After upgrading several of our Bosun installations including the migration of the old state file to ledis, we always observed the same behavior: For a few days we see repeated notifications for already acked or even closed alarms. This behavior fades away after a few days.

captncraig commented 8 years ago

@vitorboschi, I pushed a small patch to a "stopNotifications" branch. Would you mind running that and see if it clears the problem up.

It is essentially detecting this scenario at the time notifications are sent and skipping it if it is closed or acked at that point. Not an optimal fix, but I hope it will clear up the issue.

vitorboschi commented 8 years ago

I will try it and report back my results

erwindwight commented 8 years ago

I saw this when I was pointing all my bosun hosts to use localhost for redisHost. So I made changes for them, I re-configured my redis to have a master/slave (redis sentinel). Then point redis to a VIP instead of localhost.
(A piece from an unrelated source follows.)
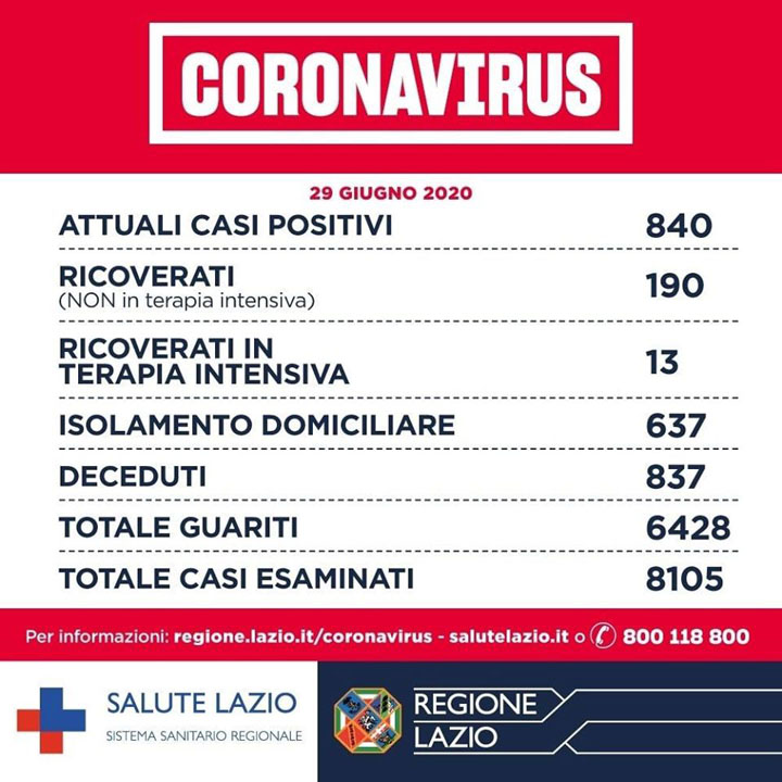 Sono 840 gli attuali casi positivi #COVID19 nella Regione Lazio. Di cui 637 sono in isolamento domiciliare, 190 sono ricoverati non in terapia intensiva, 13 sono ricoverati in terapia intensiva. 837 sono i pazienti deceduti e 6428 le persone guarite.

So far, so good.

angadsingh commented 8 years ago

@erwindwight we were not even using redis when this issue was faced. we were just using the default ledis db.

angadsingh commented 8 years ago

@captncraig trying out a build from stopNotifications branch. but isn't that a post-facto check that you've put in? the underlying problem might be creating more such (possibly concurrency) issues.

lukaspustina commented 8 years ago

@captncraig The patch works and prevents resending notifications for old alarms. Do you have an idea why this happens in the first place?

vitorboschi commented 8 years ago

I've been using the patch for some time and it looks like everything is fine. I didn't spotted any regression either

captncraig commented 8 years ago

Found something promising. Looks like this occurs when you close an alert without acking it first. The old notification chain does not get cleared. Patch incoming.